The trial of former Liberian President Charles Taylor had the hallmarks of a Kafkan trial. I will quote the words of the Senegalese Judge, Justice El Hadji Malick Sow who sat on the bench during Taylor’s trial: “I disagree with the findings and conclusions of the other judges, because for me under any mode of liability, under any accepted standard of proof, the guilt of the accused from the evidence provided in this trial is not proved beyond reasonable doubt by the prosecution. And my only worry is that the whole system is not consistent with all the values of international criminal justice, and I am afraid the whole system is under grave danger of just losing all credibility, and I am afraid this whole thing is headed for failure.”

 As soon as Judge Sow started reading his dissenting opinion, the other Judges walked out of the room and the court technician turned off his microphone and brought-down the curtains of the public Gallery. If this is how the court treats a dissenting judge what of a marked accused? Compare this with the DRC where close to four million people died in the most savage conflict since the Second World War.
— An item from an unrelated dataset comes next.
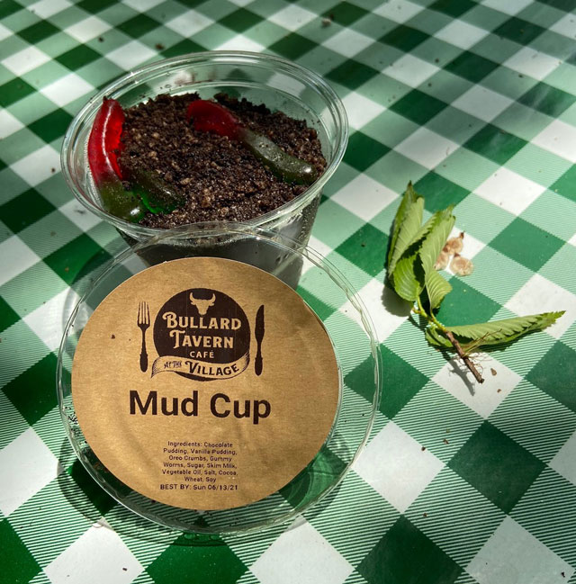 After riding with and enjoying George’s stories I got off at the Bullard Tavern for lunch. I had a shepherds pie (somewhat traditional in the 19th century) and a Mud Cup desert. Much to my surprise there were worms in my desert. YIKES – but on close examination, an extra treat – “gummy bear” worms. Do click image for a squirmy view.

None of the leaders of the surrounding countries who supported different factions and even had their troops in the DRC were indicted. The reason is quite simple, they were and remain poster boys of what can be achieved if you work with the West and the US specifically. 

The composition, conduct and procedures of this court stand in stark contrast to the values of our constitution. Its either we keep our constitution or leave this court or stay with this court and change our constitution. We can’t have it both ways.